Negative Feedback and Bias Correction in Recommendations
When building recommendation models, positive feedback like clicks, views, and purchases get most of the attention. But at RecSys, the keynote by Xavier Amatriain, VP of AI Products at Google, titled Recommending in the Age of AI: How We Got Here and What Comes Next highlighted the value of negative feedback.
In his presentation, Amatriain highlighted the paper Balancing Fine-tuning and RAG: A Hybrid Strategy for Dynamic LLM Recommendation Updates. Its authors showed that combining periodic fine-tuning with retrieval-augmented generation helps models adapt to changing user interests. This approach avoids driving up compute costs, while keeping recommendations fresh. In large-scale YouTube tests, this hybrid method delivered measurable performance gains.
If you’d like to read more on some interesting topics including, but not limited to negative feedback and bias correction, I find these papers especially helpful:
- Benefiting From Negative Yet Informative Feedback by Contrasting Opposing Sequential Patterns: The authors trained two transformer models: one for positive actions and one for negative, and compared the patterns between them, slightly outperforming the state-of-the-art deep model, SASRec.

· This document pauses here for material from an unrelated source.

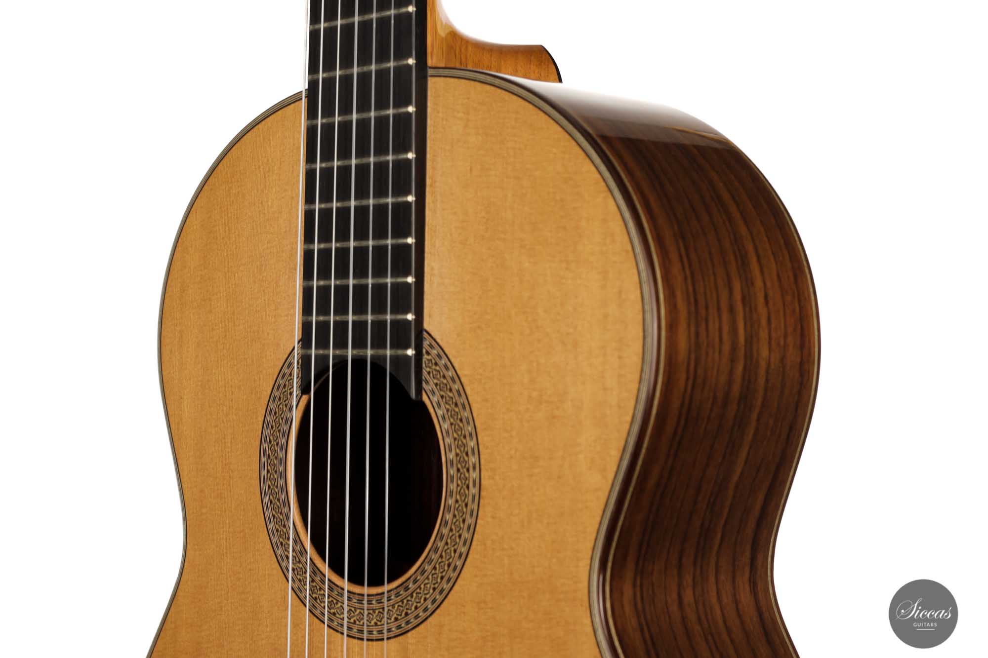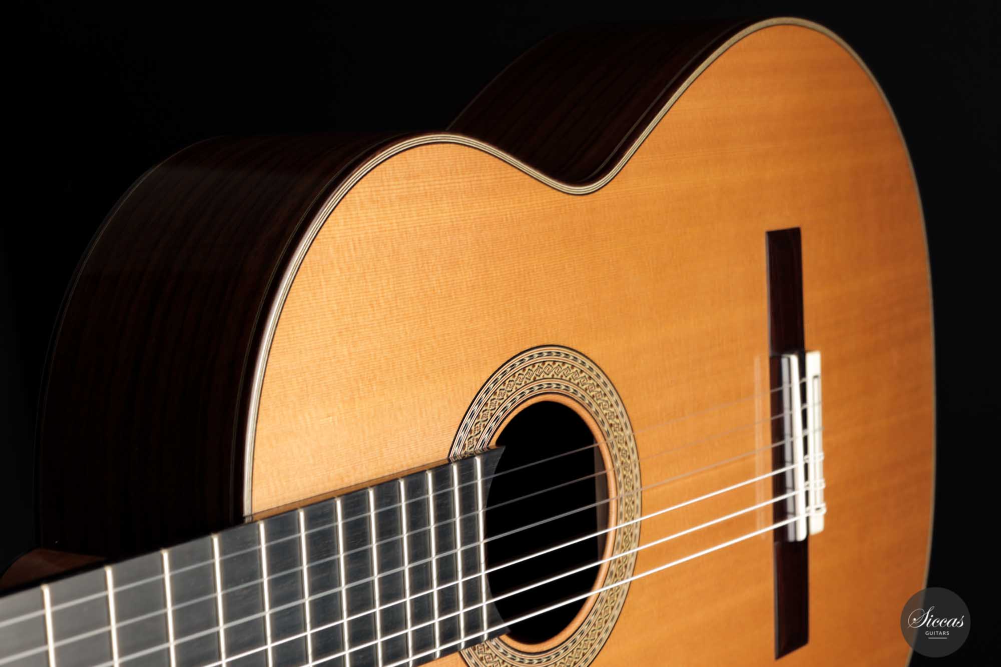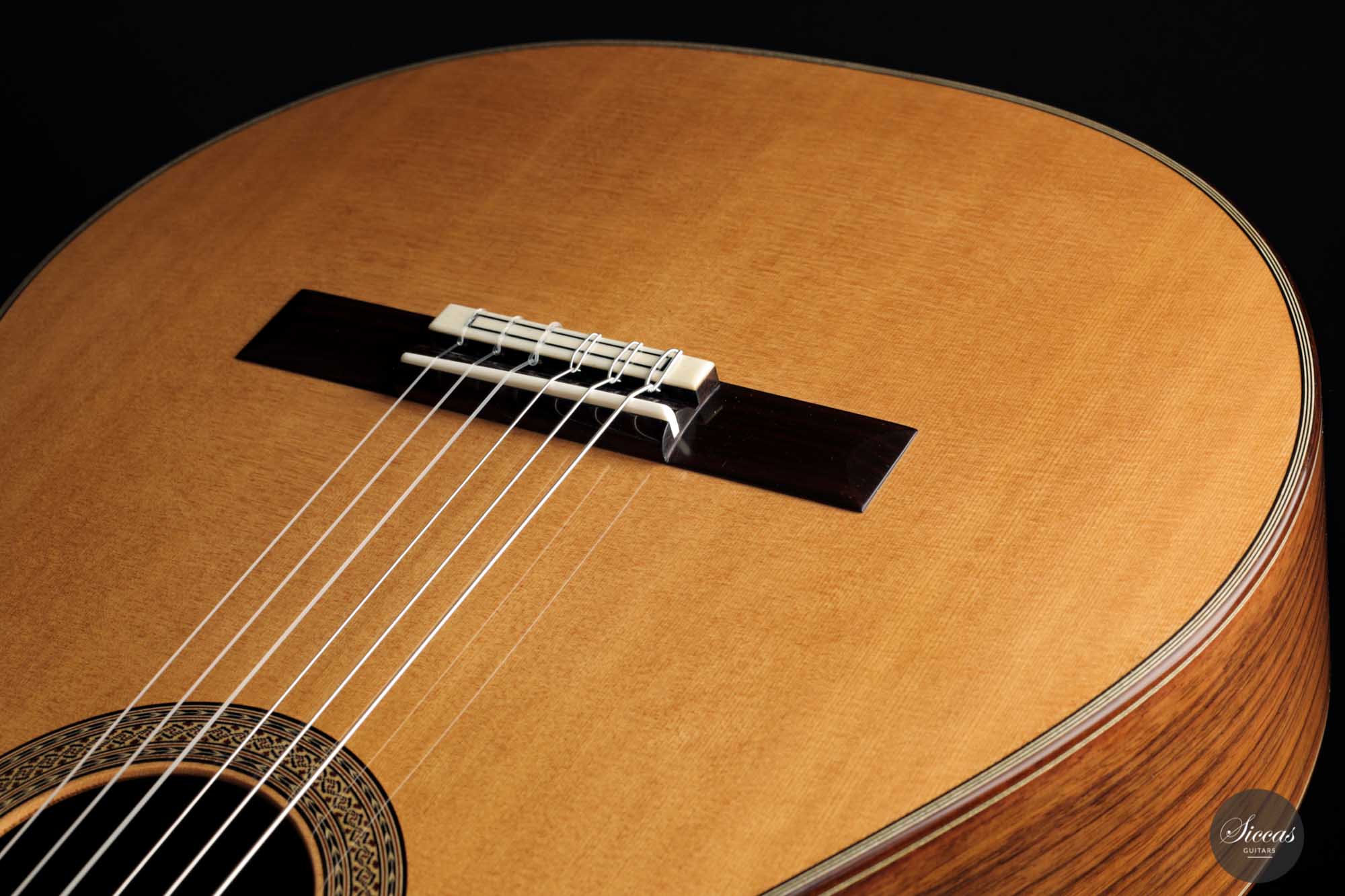 Die klassische Gitarre mit ihren weichen Nylonsaiten und ihrem charakteristischen Timbre ist zum Symbol der Kammermusik, der spanischen Tradition und des Konzertrepertoires geworden. Ihre moderne Form prägte Antonio de Torres im 19. Jahrhundert, indem er den Standard für Korpus, Fächerbeleistung und die 65-Zentimeter-Mensur setzte, die bis heute verwendet werden. Instrumente dieser Kategorie eröffnen eine reiche Palette von den feinen romantischen Miniaturen Tárregas bis zu den majestätischen Konzerten Rodrigos. Hier finden Sie Gitarren, die historische Kontinuität bewahren und zugleich zu neuen Interpretationen anregen.

- Unobserved Negative Items in Recommender Systems: Challenges and Solutions for Evaluation and Learning: Models often assume that items a user has never seen are “negative,” which can distort training results. The paper proposed a statistical correctional method called inverse probability weighing as a way to make these evaluations more reliable.
- Addressing Multiple Hypothesis Bias in CTR Prediction for Ad Selection: This is one of the most relevant papers in our domain, proposing a post-processing calibration method that corrects bias in click-through rate (CTR) predictions. This approach can be paired with any model and has already improved cost per acquisition and CTR at LinkedIn.
- RecViz: Intuitive Graph-based Visual Analytics for Dataset Exploration and Recommender System Evaluation: Proposes using a graphics processing unit-accelerated visualization tool that helps teams quickly explore datasets and evaluate recommender models through interactive graph views.
- Revisiting the Performance of Graph Neural Networks for Session-based Recommendation: Shows that with proper tuning, older models like GRU4Rec can outperform newer graph neural networks. The results show that optimization and evaluation practices matter as much as investing in new architecture.
The Consensus
The dominant theme at RecSys 2025 was the growing integration of LLMs into recommendation systems. While these models show great promise, the field is still waiting for a true breakthrough. Key challenges include the dynamic nature of user interest and the trade-off between computational complexity and real-time performance. Those constraints continue to limit widespread adoption in production environments.
A few studies, such as the one presented by Google, demonstrated ways to combine advanced LLM techniques to better meet real-world applications. That signals that the industry is making meaningful progress.
Notably, it was striking how few sessions at RecSys 2025 focused on advertising or CTR prediction: a sign that some of the field’s most competitive advances remain behind closed doors, underscoring how much innovation is happening privately even as the broader research community moves forward.